• DESCRIPTION OF THE TASK:
Exact wording is needed for every line from the one holding "Examining an ephemeral" to the end of the records below; write those lines out and omit the pictures.

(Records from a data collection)
┄┄┄┄┄┄┄┄┄┄┄┄┄┄┄┄┄┄┄┄

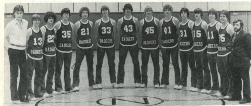
NIAGARA — BOYS' BASKETBALL (CLASS C) CHAMPIONS — 1978-79
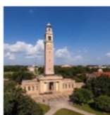
LSU, Baton Rouge
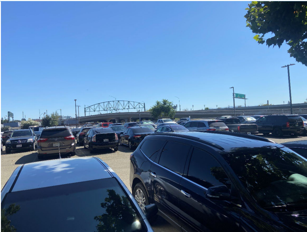
Photograph 3: Overview from the northern boundary of the West Mission Street project site; facing southeast. September 13, 2023
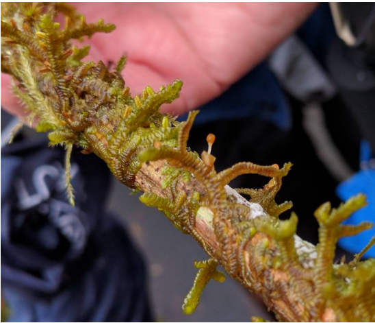
Examining an ephemeral liverwort fructing body for the moss workshop (it is the orange orb)
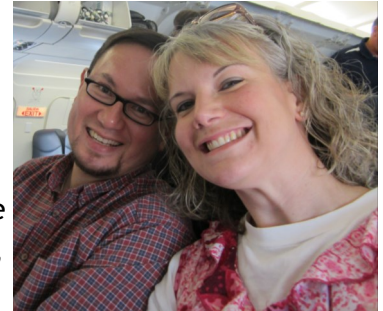
En route to St. Petersburg, FL for the GARBC Annual Conference

┄┄┄┄┄┄┄┄┄┄┄┄┄┄┄┄┄┄┄┄

• WRITTEN RESPONSE:
Examining an ephemeral liverwort fructing body for the moss workshop (it is the orange orb)
En route to St. Petersburg, FL for the GARBC Annual Conference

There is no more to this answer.